Beware Of Insurer D&O Rescissions, Law Firm Warns
By Daniel Hays
NU Online News Service, Oct. 14, 10 :10 a.m. EDT, New York?Insurance companies are flooding the courts with lawsuits seeking to void policies providing liability coverage for corporate directors and officers, according to speakers at an industry seminar held here yesterday.
The threat of policy rescission is "the biggest issue" in D & O insurance said Susanne H. Murray, an executive vice president with the Hilb Rogal & Hobbs brokerage in New York, who spoke at the Anderson Kill & Olick law firm seminar on D&O liability.
William G. Passannante, of Anderson Kill said, "There are a tremendous number of rescission claims in the D& O area. He said he had heard but not confirmed that Chubb insurance of Warren, N.J. had brought as many as 100 rescission claims.
A Chubb spokesman did not provide specific numbers but stated, "His [Mr. Passannante's] statement is false and his number is wildly exaggerated."
Mr. Passannante represented Tyco's former Chief Executive Officer Dennis Kozlowski who successfully battled Chubb subsidiary Federal Insurance Company in the courts to have them pay his defense costs after the insurer attempted to rescind his D &O liability coverage.
Ms. Murray, discussing the kind of things that bring on claims against corporate management, said that if a company's "stock price drops enough, we know there is going to be a claim."

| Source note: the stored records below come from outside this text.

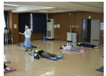
参加者の間を歩きながらアロマスプレーを噴射される指導者の様子
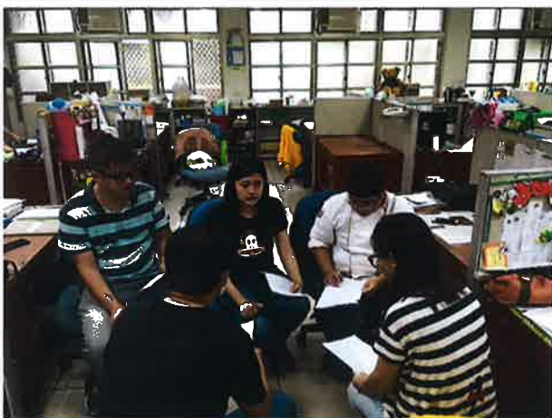
討論及發表自己想法
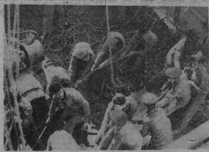
En las faenas de izar una vela.

En los comienzos de nuestra Cruzada, para dotar los escasos buques de que en aquellos momentos disponíamos, se reclutó perso-

She said that there have recently been attempts made to change and narrow the definition of securities claims, which if successful would limit the coverage afforded to companies.

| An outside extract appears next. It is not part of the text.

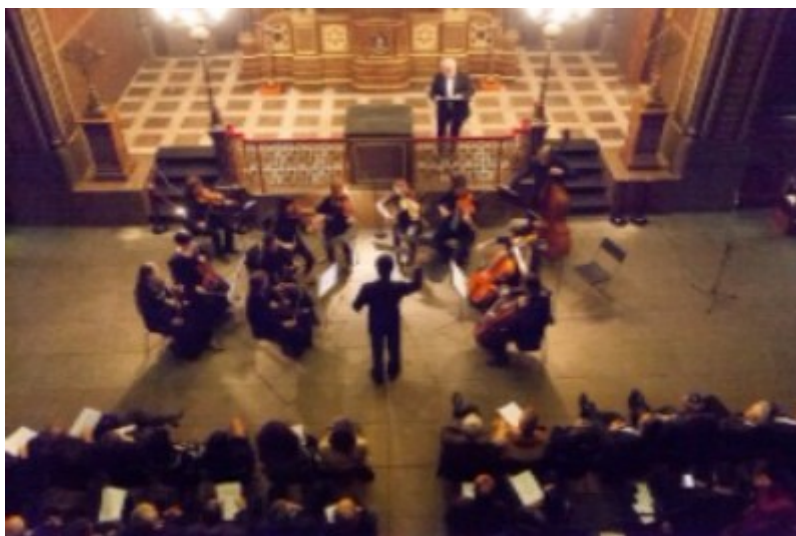
Slavnostní koncert ve Španělské synagoze

Ms. Murray and Mr. Passannante cited recent cases involving Tyco and the bankrupt Adelphia firm, where the companies have had to litigate to obtain D & O protection from their insurers.
Mr. Passannante said HealthSouth had also been hit with a rescission action by Chubb, and that Xerox had been sued by American International Group after the firm and its auditors, KPMG were sued for defrauding investors.

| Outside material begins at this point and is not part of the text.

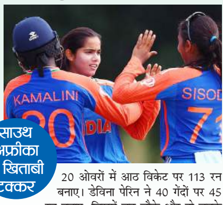
साउथ अफ्रीका से खिताबी टक्कर

Ms. Murray said corporations need non-rescindable D&O A-Side coverage, which protects the directors and officers of a company where the company cannot indemnify them as well as coverage for outside directors.
Mr. Passannante said that insurers have sought rescission on the basis of misstatements in company financial reports. He said that to provide proper protection, D&O policies should cover firms against securities actions, class actions, management mistakes, accounting problems, late- trading or market-timing infractions as well as employee, customer and competitor claims.
Ms. Murray warned that if a policy is rescinded and voided, that means that all coverage ends for the entire time the policy has been in effect.
Despite the increasing number of legal actions against directors and officers, Ms. Murray said that policy rates have been declining. "Competition is bringing prices down," she said, noting that despite increased threat levels, "there are a lot more insurers in the market."
Mr. Passannante said that one "hot bed of litigation" concerning D&O coverage has involved questions about language that provides protection "solely in their capacity as directors and officers" of a company. That becomes an issue when a company subsidiary is involved, he said.
He advised that in obtaining D&O coverage, it is wise to include provisions to cover pre-investigation legal costs that may arise when management seeks help from lawyers to advise them after being contacted by regulators.
Mr. Passannante also counseled that firms should be very careful with the information they provide on policy applications. And when the questions on the form cannot be answered with specificity "get them [the insurers] to change their questions," he said.